Black Swan

Went to watch Black Swan today. I didn't like it much. I think it's because I just don't like the pyschotic theme around it. I don't like the dark element around it and the dark elements literally on the cinematography. Natalie Portman did do really well as a frail paranoid dancer but I don't think she blew me away with her performance. I guess I'm really not excited about this film at all. As I was watching the movie, especially towards the end when Natalie Portman's character got more paranoid, I was thinking if I'm gonna get a nightmare tonight because of the kinda scary (for me) scenes that I really should watch some lighthearted things before I go to sleep tonight. Anyway, if I want to compare it with The King's Speech, I guess I like The King's Speech so much more. I was looking at the list of movies which are nominated for Oscar this year. Obviously I haven't watched all of them, but I'm thinking if I should give my vote to Inception since I was totally blown away when I watched it and I like it a lot. For now, I'm kinda very interested with True Grit. Let's see if we can schedule that and 127 Hours in.

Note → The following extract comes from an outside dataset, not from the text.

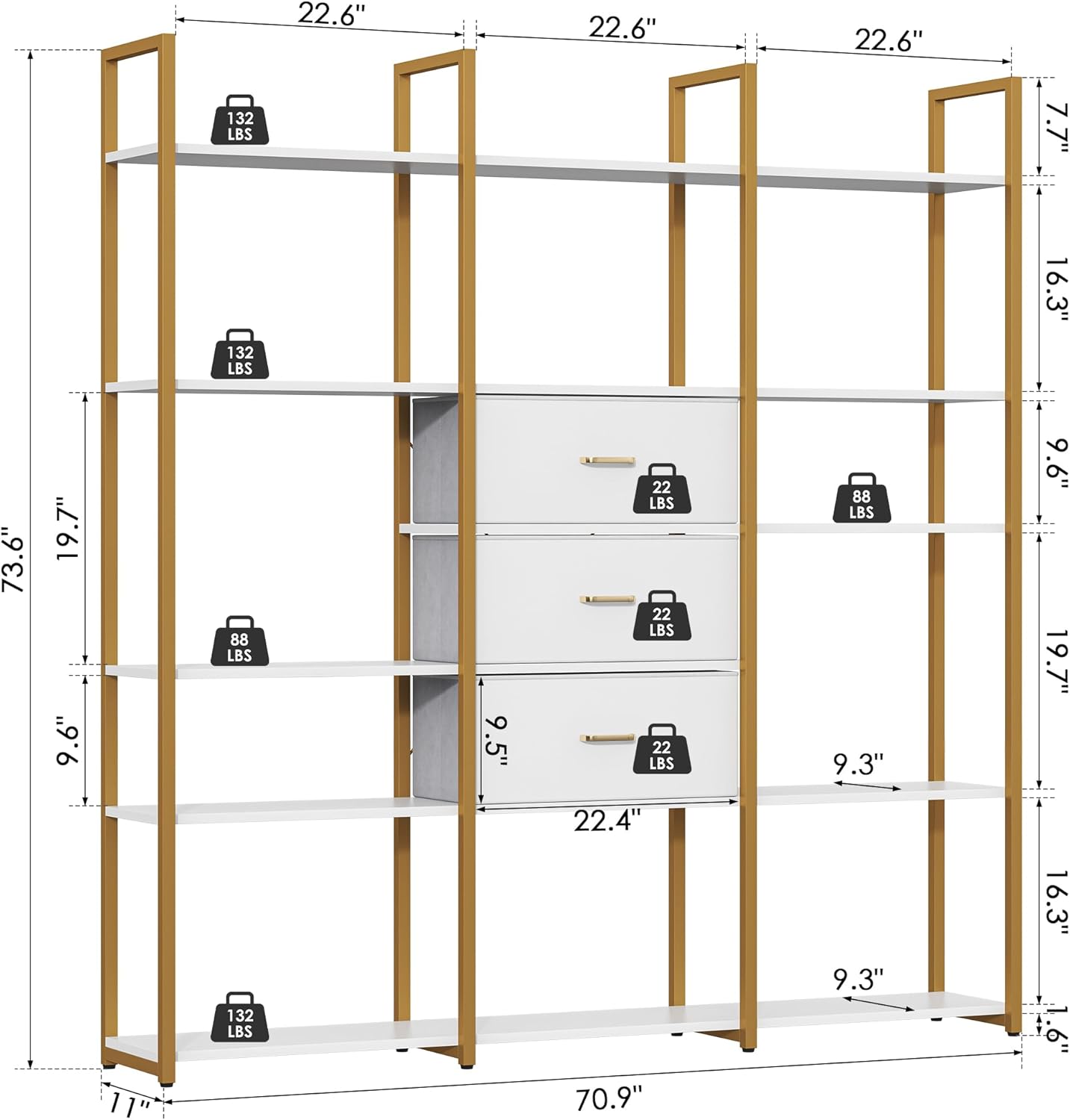 73.6" Tall Bookshelf with 3 Drawers and 16 Storage Shelves, Industrial Bookcase with 16 Open Display Shelves, Large Etagere Bookshelf, Triple Wide Book Shelf Book Case for Home & Office, Gold

On life. I was thinking that I wanted to say there's nothing interesting happening in my life but the truth is there are a few things that I could share and in fact I would really want to share. Unfortunately I cannot write them here and as much as I want to share them, I kinda don't have people whom I can talk to about, well at least people who would just give their time and attention and to hear me completely. I guess it's pretty interesting whom I put my trust into. Like there are people whom other people would never have suspected who knows a great deal about things that I keep quiet. It's rather weird how I choose the people whom I tell my deep thoughts to. Even I get surprised at the randomness of it, especially when I realize one of the people who know quite a whole lot is a boy who's 7 years younger than me. How I became so trusting of this boy, I don't know. I guess when you can talk really well with someone, the conversation just flows. It's too bad this jabber boy is not gonna be around this week. Something happened yesterday and on that instant I was thinking that I wanted to tell him about it. As a substitute I told NanSee about it when she called me last evening. However I don't think she really got it because I couldn't give her a reenactment. Anyway yesterday in the class, I said something along the line that my heart is okay. It happened when we wanted to know how to say, my heart is broken. U thought I was heartbroken and so I said, no my heart is in an okay mode. It is really true and I want to keep it that way. I want a calm and peaceful heart. So whatever butterflies which are trying to flutter, they gotta be crushed. I'm borrowing that line from Blair Waldorf of Gossip Girl. Yes, I have to embarrassingly admit I watch Gossip Girl :( Hmmm, since I cannot elaborate much, I guess I stop now. Have a good week ahead, peeps!